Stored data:
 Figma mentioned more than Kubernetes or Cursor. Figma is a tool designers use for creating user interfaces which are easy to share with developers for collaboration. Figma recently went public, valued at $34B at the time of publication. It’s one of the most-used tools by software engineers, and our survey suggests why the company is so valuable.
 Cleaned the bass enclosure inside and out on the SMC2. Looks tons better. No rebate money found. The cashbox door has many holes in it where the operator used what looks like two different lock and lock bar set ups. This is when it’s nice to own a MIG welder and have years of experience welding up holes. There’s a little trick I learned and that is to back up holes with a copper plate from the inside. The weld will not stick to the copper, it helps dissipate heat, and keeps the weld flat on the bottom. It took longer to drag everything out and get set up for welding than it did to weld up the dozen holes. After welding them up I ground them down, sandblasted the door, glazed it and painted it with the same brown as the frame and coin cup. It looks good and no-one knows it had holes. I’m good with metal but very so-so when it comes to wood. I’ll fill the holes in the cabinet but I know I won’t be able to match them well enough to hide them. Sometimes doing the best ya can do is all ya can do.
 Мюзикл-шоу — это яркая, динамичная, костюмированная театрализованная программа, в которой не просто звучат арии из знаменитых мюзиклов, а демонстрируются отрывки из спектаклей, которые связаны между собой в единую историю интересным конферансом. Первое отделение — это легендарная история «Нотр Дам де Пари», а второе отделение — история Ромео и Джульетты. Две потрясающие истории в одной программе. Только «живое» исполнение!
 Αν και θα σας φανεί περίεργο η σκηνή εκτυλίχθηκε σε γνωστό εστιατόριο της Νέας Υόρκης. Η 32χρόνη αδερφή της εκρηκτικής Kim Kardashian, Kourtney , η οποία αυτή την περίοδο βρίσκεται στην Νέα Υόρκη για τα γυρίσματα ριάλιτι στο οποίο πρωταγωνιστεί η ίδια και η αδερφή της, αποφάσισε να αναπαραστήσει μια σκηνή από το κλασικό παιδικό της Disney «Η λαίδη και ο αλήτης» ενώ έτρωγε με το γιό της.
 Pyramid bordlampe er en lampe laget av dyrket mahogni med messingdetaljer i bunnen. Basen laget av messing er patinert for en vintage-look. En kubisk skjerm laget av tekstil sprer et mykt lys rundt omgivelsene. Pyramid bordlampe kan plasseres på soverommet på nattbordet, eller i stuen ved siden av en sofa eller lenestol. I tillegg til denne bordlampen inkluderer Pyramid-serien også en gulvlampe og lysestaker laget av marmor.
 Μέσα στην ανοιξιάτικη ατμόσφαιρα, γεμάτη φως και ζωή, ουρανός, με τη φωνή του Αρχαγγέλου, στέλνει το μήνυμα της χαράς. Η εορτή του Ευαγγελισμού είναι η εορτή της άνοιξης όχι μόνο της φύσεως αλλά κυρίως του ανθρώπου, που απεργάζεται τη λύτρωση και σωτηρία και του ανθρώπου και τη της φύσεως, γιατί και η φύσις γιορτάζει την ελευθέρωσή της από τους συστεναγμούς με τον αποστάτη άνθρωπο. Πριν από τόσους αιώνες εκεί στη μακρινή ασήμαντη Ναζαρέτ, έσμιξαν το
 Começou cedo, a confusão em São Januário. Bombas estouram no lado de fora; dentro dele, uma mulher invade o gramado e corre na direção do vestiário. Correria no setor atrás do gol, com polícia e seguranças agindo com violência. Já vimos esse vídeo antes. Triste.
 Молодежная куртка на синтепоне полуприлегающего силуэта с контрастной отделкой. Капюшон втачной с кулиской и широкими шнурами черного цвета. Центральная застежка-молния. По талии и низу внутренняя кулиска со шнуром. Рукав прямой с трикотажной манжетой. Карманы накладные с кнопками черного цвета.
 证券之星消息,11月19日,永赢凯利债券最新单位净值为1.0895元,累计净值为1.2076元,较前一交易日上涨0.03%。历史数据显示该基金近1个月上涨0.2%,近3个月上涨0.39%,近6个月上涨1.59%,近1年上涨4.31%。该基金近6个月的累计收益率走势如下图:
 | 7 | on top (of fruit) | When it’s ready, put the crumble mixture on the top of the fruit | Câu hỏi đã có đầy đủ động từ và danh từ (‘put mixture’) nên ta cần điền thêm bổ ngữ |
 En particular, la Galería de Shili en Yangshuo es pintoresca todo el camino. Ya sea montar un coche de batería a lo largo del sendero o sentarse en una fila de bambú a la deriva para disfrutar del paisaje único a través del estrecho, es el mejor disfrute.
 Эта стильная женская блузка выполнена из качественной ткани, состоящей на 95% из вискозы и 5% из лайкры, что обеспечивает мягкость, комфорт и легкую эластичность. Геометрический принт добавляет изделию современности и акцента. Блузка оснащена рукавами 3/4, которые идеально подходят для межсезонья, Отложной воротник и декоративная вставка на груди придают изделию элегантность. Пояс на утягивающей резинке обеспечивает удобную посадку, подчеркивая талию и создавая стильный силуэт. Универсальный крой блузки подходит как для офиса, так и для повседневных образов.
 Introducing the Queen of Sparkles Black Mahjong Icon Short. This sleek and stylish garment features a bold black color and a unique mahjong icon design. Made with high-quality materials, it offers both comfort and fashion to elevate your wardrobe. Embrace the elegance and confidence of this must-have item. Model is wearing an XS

▸ **WORK INSTRUCTIONS**:
A verbatim transcription is needed of the lines above, starting at the line with "Молодежная куртка на" and ending at the line with "证券之星消息,11月19日,永赢凯利债券", both included, and of nothing else.

▸ **YOUR RESPONSE**:
 Молодежная куртка на синтепоне полуприлегающего силуэта с контрастной отделкой. Капюшон втачной с кулиской и широкими шнурами черного цвета. Центральная застежка-молния. По талии и низу внутренняя кулиска со шнуром. Рукав прямой с трикотажной манжетой. Карманы накладные с кнопками черного цвета.
 证券之星消息,11月19日,永赢凯利债券最新单位净值为1.0895元,累计净值为1.2076元,较前一交易日上涨0.03%。历史数据显示该基金近1个月上涨0.2%,近3个月上涨0.39%,近6个月上涨1.59%,近1年上涨4.31%。该基金近6个月的累计收益率走势如下图:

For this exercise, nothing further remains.